Even though many organizations block access to popular social media platforms and personal social media accounts, they might not consider the risk posed by corporate-sanctioned social platforms or collaboration tools. Organizations should implement social media guidelines as employees or contractors are likely to click on links posted on the comments section of their corporate social pages or platforms as well, while on the corporate network. Users might also simply click “share,” spreading the malicious link to others within the corporate network. This social media policy or guideline may help minimize the number of employees and contractors who may become compromised insiders.

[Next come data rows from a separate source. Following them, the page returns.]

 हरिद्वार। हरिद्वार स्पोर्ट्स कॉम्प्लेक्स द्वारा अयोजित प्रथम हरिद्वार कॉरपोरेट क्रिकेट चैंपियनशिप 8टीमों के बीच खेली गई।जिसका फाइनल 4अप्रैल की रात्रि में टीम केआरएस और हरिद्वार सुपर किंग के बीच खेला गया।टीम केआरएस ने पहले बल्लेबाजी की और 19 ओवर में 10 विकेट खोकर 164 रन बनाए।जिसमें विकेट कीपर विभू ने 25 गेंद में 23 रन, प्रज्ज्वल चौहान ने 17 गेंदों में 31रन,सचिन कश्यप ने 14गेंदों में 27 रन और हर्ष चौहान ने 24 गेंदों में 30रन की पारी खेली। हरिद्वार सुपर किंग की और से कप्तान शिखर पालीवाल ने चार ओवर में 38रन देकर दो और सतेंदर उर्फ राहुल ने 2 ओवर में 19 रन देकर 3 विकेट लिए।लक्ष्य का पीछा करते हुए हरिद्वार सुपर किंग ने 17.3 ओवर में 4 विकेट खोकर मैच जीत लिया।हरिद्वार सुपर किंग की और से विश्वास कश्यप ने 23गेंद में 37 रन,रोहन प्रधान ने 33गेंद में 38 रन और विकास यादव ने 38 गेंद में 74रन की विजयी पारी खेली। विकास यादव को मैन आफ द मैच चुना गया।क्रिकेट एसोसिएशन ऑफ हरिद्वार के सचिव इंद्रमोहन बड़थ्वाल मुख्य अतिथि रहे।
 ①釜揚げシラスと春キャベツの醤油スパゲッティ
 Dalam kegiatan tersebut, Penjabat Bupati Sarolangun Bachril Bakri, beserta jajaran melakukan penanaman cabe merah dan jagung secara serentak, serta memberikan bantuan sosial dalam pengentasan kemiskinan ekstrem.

t) Coordinate security teams and HR 

Security teams are often blindsided by layoffs or an annual passed-over promotion or raise which could trigger a disgruntled employee or contractor to do the unthinkable. Effective coordination between the CISO and the head of HR can help thwart a potential insider threat or attack by boosting discrete real-time behavioral monitoring around the employee or contractor or putting them on an internal watchlist. Security teams in coordination with HR can conduct sentiment analysis to ascertain the intentions and feelings of individuals to identify whether an employee is performing poorly, experiencing financial troubles, or under stress to help identify potential malicious insiders. Organizations in the tech, financial, and healthcare sectors are particularly at significant risk of insider threats due to the valuable nature of the industry's assets, data, and processes. Therefore, HR can collaborate with security teams to develop a thorough security-based new hire screening protocol or policy that's integrated into the hiring process to help prevent insider threats.